IINM .. the 0.2 joules of energy invested to maintain equilibrium of forces is the amount of energy inputted to overcome windage [drag forces] of the bottle opener & rotating wire ?!
N.B. for a constant velocity [rpm] if we know the drag force [proportional to the square of the speed] & the circumference of the circle at radius 20cm then f x d = joules of energy expended - since the drag force is a function of air mass [e.g. Force in Newtons = Cd.1/2(air density).velocity^2.frontal area] then according to Newton's Laws we must input muscle energy equivalent to the energy lost to air drag.
This is all fine. But lets say we increase the rotational speed a little. What will happen?
Of course the garlic press will begin to move upwards since the centrifugal force will become larger than the gravitational force pulling the garlic press down... Actually, in theory an infinitesimal increase of kinetic energy (a one time energy input) in rotation of the bottle opener will be enough for a continuous movement (acceleration) against gravity for the garlic press and thereby an continuous increase in potential energy, i.e. infinite overunity...
Force [N's] = mass x acceleration
Centrifugal force = Centripetal force = m.v^2/r
Gravity force = Weight force = m.g where 'g' = 9.81 m/s^2
1. A small increase in muscle input energy will break the equilibrium of forces & increase rpm & velocity of the bottle opener [bo] - this will also increase air drag proportionately since it is a factor of air velocity squared.
2. the Cf's acting on the bo will increase by the square of the velocity so that the Cf is greater than the weight force of the suspended mass.
3. since Cf's [mv^2/r] > mg the suspended mass will rise upwards gaining Pe [mgh in joules].
4. the radius of rotation will increase to greater than 20 cm.
5. the Cf will reduce because of a greater radius.
Questions:
a. does the Potential Energy [Pe] gained by the suspended mass ever exceed the excess muscle energy input required to maintain the new & higher rpm ?
b. is there ever a situation using a mechanical assembly of any sort where Pe gained is greater than the input energy ?
Take a look at this torque increasing drive wheel, as the blue disk rotates with all the attached gears and weights, the weights will want to move outward.
The outward movement rotates the center gear with increased torque dependent on the RPM of the disk and the value of the weights.
The system cannot produce back torque or it would be able to do work from gravity and this is impossible, but the increase in torque could be valuable if used correctly.

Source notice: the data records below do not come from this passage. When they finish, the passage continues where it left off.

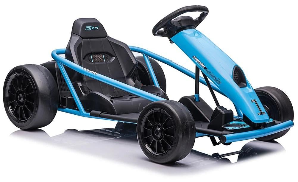 Kart électrique - Kart de drift - 24 V - Deux moteurs de 300 W - Vitesse maximale de 13 km/h - 4 roues - Musique - À partir de 14 ans - Bleu
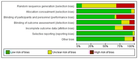 The included studies were evaluated for methodological flaws using the Cochrane Collaboration’s risk of bias assessment tool (Review Manager version 5.3). Seven domains of risk of bias were assessed for each study, including random sequence generation, allocation concealment, blinding of participants and personnel, blinding of outcome assessment, incomplete outcome data, selective reporting, and other bias. Bias assessment was performed by two of the authors independently (A.J., A.A.E.H.). Validation and further formatting in the above-mentioned assessment software was performed by a third author (S.H.).
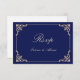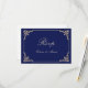 Vintage Nikah Islamic Muslim Wedding RSVP Card. An elegant navy blue rsvp response card that you can send to your family and friends to let them know when your Nikah ceremony will be. There is a gold scroll leaf design in the corner frame. Edit the name, date, location on the back card and you can change the couple's names on the front of the card. You can use this card for other ceremonies and Islamic occasions as well.
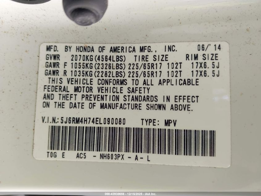 Колір БілийЦиліндри 4Привід Повний привідVIN 5J6RM4H74EL090080Стан Заводиться та їде (перевірено)Ушкодження Передня або задня

If an electric motor was used to turn the disk then the weights would simply fly outward and the center gear would rotate the same speed as the disk, but as a load on the center gear increases, like from a generator under load, the weights would want to rotate back inward to the 90 degree position as shown. This applies no additional load on the driving motor.
Now, if the generator was connected to a load like the grid, where the load could sink very large currents, a circuit could be built to keep the weights at the 90 degree point by varying the load on the generator. The motor is now free to spin the disk faster and faster, further increasing the output without any additional load but with huge additional output.
Centrifugal force put to work.
Hi Lumen,
I presume the blue disk is rotating ACW?
Quote from: telecom on November 07, 2013, 08:30:51 PM
Hi Lumen,
I presume the blue disk is rotating ACW?
Sorry,
I ment CCW.
Quote from: telecom on November 07, 2013, 08:30:51 PM
Hi Lumen,
I presume the blue disk is rotating ACW?
It could rotate either direction but it makes sense to rotate this setup ACW because of where the weights are.
I have done some simulation testing and this is at least a very interesting configuration in that the torque on the output is based solely on the weights, without them there is no output torque.
I plan to build a small test setup with some small DC motors to test the idea.
This concept of yours looks very similar to UE.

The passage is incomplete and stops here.